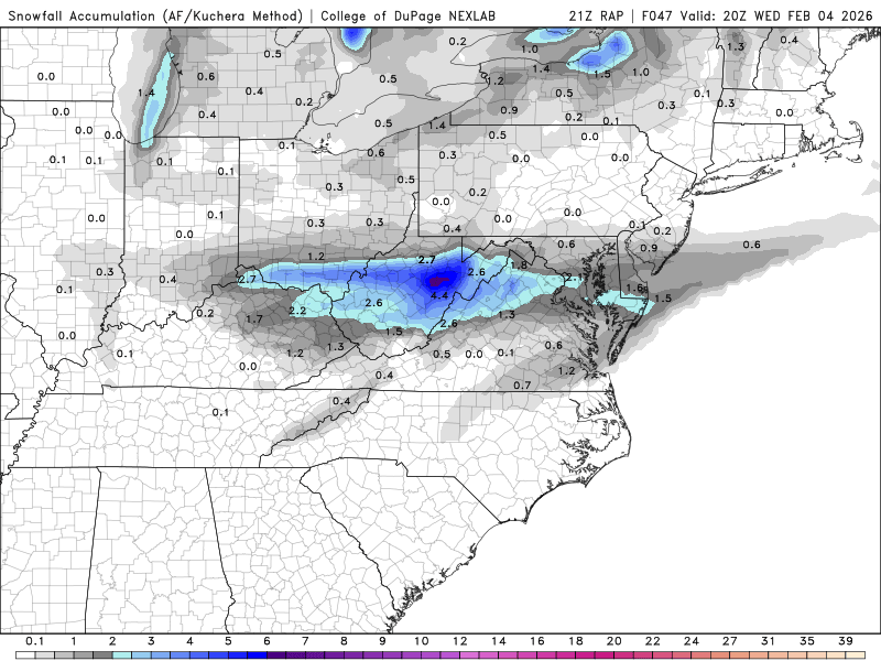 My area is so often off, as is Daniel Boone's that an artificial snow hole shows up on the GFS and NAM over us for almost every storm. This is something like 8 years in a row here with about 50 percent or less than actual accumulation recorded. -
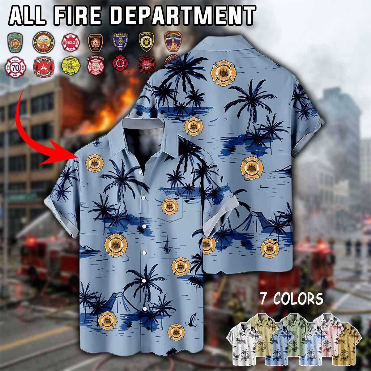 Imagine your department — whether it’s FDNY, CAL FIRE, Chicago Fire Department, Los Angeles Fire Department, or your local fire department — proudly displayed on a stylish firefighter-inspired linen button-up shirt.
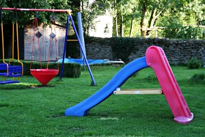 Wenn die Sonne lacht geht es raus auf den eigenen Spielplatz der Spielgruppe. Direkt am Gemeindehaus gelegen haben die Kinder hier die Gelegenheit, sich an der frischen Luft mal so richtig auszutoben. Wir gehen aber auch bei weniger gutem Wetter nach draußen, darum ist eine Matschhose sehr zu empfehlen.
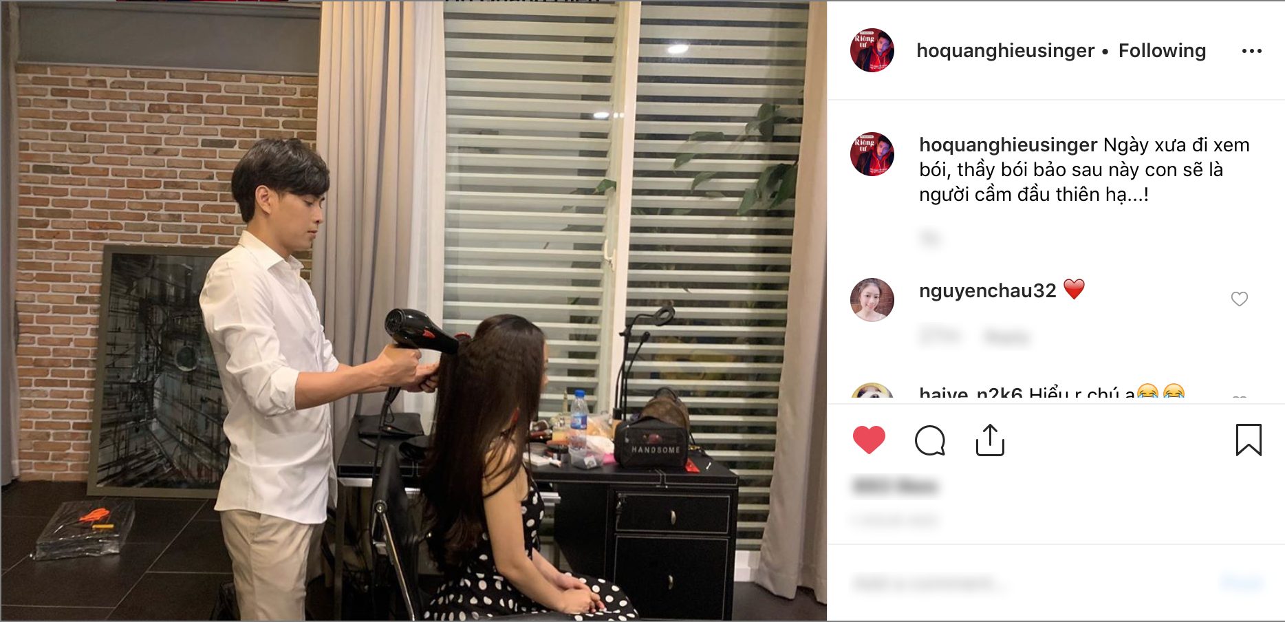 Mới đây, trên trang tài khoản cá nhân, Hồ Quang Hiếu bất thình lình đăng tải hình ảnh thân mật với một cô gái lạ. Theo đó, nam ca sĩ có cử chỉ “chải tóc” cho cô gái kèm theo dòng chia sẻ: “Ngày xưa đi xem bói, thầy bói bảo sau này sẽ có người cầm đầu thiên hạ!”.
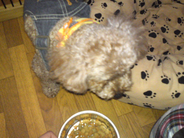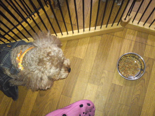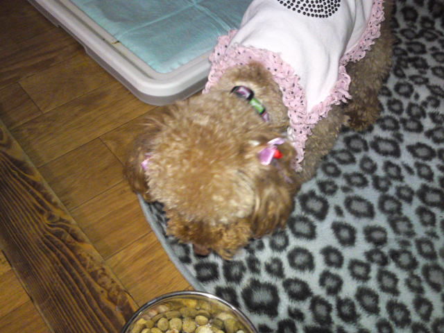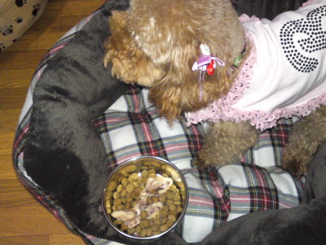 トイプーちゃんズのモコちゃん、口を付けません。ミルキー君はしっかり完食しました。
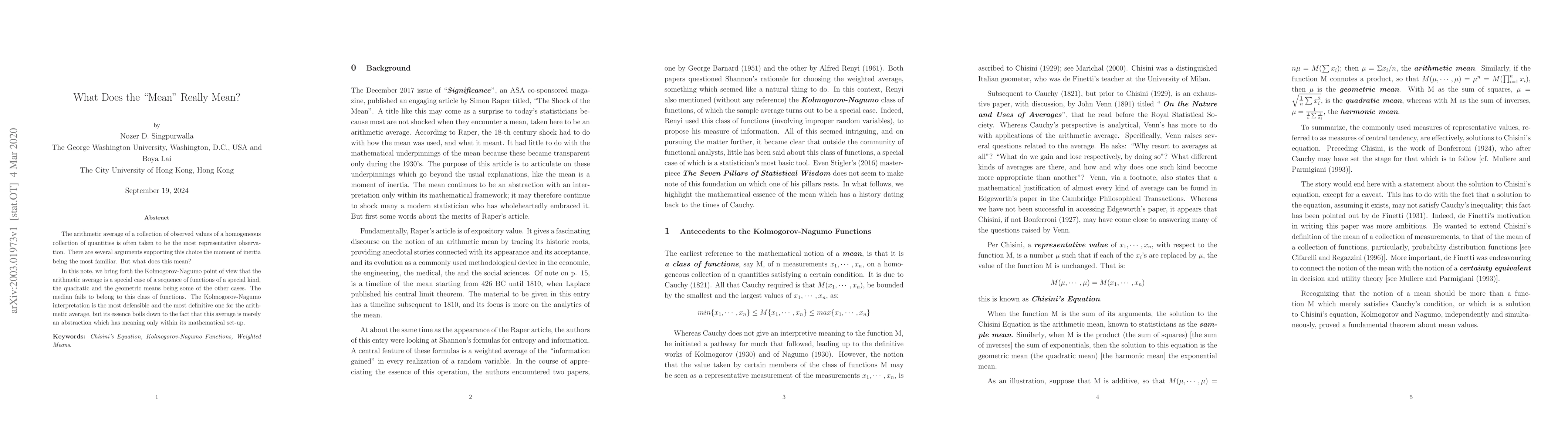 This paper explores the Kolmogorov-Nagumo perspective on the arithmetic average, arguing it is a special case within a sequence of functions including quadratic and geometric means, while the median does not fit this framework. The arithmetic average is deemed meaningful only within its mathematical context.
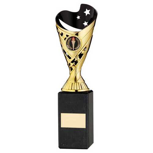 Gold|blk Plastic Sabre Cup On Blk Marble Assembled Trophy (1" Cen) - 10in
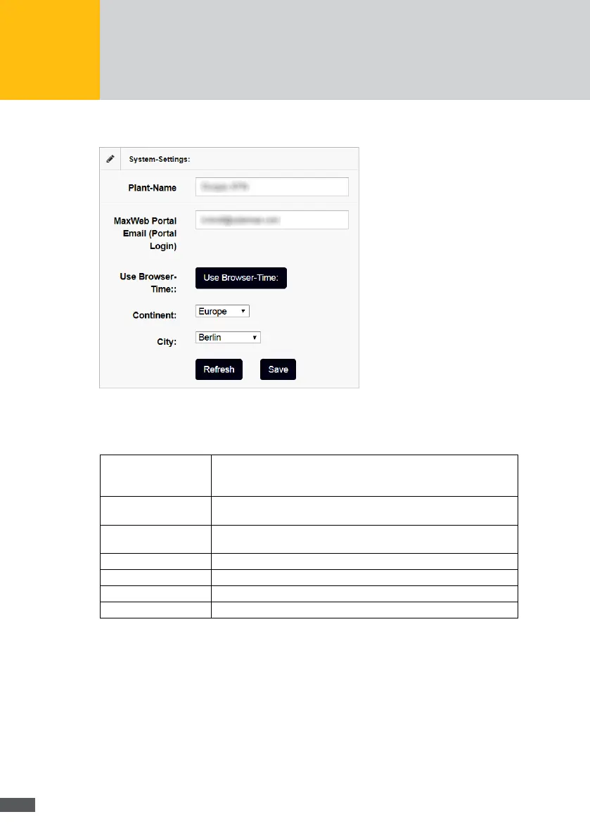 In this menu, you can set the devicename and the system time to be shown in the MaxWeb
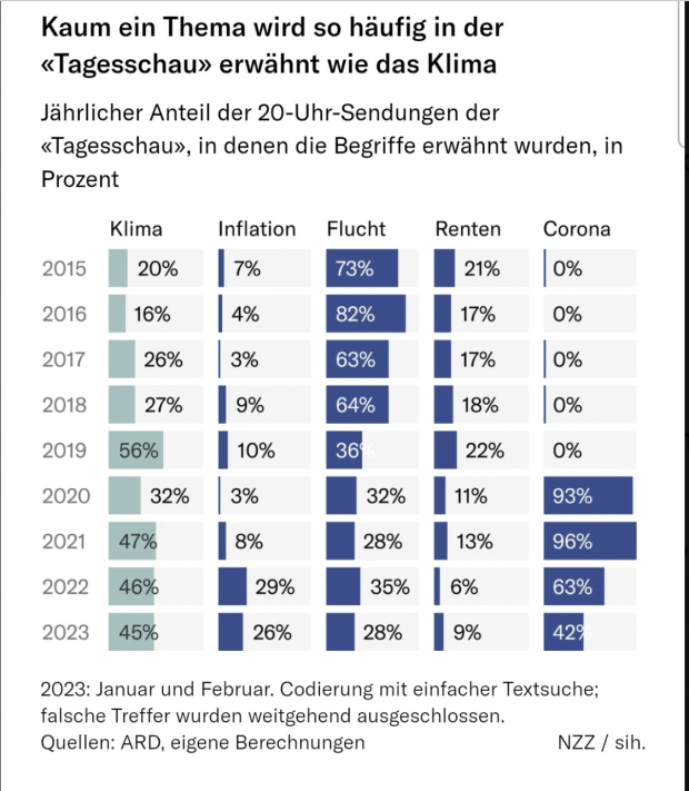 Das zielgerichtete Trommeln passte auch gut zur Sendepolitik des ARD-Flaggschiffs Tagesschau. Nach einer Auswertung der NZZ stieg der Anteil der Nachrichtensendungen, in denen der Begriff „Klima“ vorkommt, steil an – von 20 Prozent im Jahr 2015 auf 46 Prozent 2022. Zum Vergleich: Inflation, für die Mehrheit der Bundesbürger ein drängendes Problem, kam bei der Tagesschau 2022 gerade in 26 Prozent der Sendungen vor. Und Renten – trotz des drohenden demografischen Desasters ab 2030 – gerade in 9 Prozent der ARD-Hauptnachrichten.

--------------------------------

## [WHAT YOU NEED TO DO]
Every line above should be transcribed word for word; leave the pictures out.

## [SOLUTION]
 My area is so often off, as is Daniel Boone's that an artificial snow hole shows up on the GFS and NAM over us for almost every storm. This is something like 8 years in a row here with about 50 percent or less than actual accumulation recorded. -
 Imagine your department — whether it’s FDNY, CAL FIRE, Chicago Fire Department, Los Angeles Fire Department, or your local fire department — proudly displayed on a stylish firefighter-inspired linen button-up shirt.
 Wenn die Sonne lacht geht es raus auf den eigenen Spielplatz der Spielgruppe. Direkt am Gemeindehaus gelegen haben die Kinder hier die Gelegenheit, sich an der frischen Luft mal so richtig auszutoben. Wir gehen aber auch bei weniger gutem Wetter nach draußen, darum ist eine Matschhose sehr zu empfehlen.
 Mới đây, trên trang tài khoản cá nhân, Hồ Quang Hiếu bất thình lình đăng tải hình ảnh thân mật với một cô gái lạ. Theo đó, nam ca sĩ có cử chỉ “chải tóc” cho cô gái kèm theo dòng chia sẻ: “Ngày xưa đi xem bói, thầy bói bảo sau này sẽ có người cầm đầu thiên hạ!”.
 トイプーちゃんズのモコちゃん、口を付けません。ミルキー君はしっかり完食しました。
 This paper explores the Kolmogorov-Nagumo perspective on the arithmetic average, arguing it is a special case within a sequence of functions including quadratic and geometric means, while the median does not fit this framework. The arithmetic average is deemed meaningful only within its mathematical context.
 Gold|blk Plastic Sabre Cup On Blk Marble Assembled Trophy (1" Cen) - 10in
 In this menu, you can set the devicename and the system time to be shown in the MaxWeb
 Das zielgerichtete Trommeln passte auch gut zur Sendepolitik des ARD-Flaggschiffs Tagesschau. Nach einer Auswertung der NZZ stieg der Anteil der Nachrichtensendungen, in denen der Begriff „Klima“ vorkommt, steil an – von 20 Prozent im Jahr 2015 auf 46 Prozent 2022. Zum Vergleich: Inflation, für die Mehrheit der Bundesbürger ein drängendes Problem, kam bei der Tagesschau 2022 gerade in 26 Prozent der Sendungen vor. Und Renten – trotz des drohenden demografischen Desasters ab 2030 – gerade in 9 Prozent der ARD-Hauptnachrichten.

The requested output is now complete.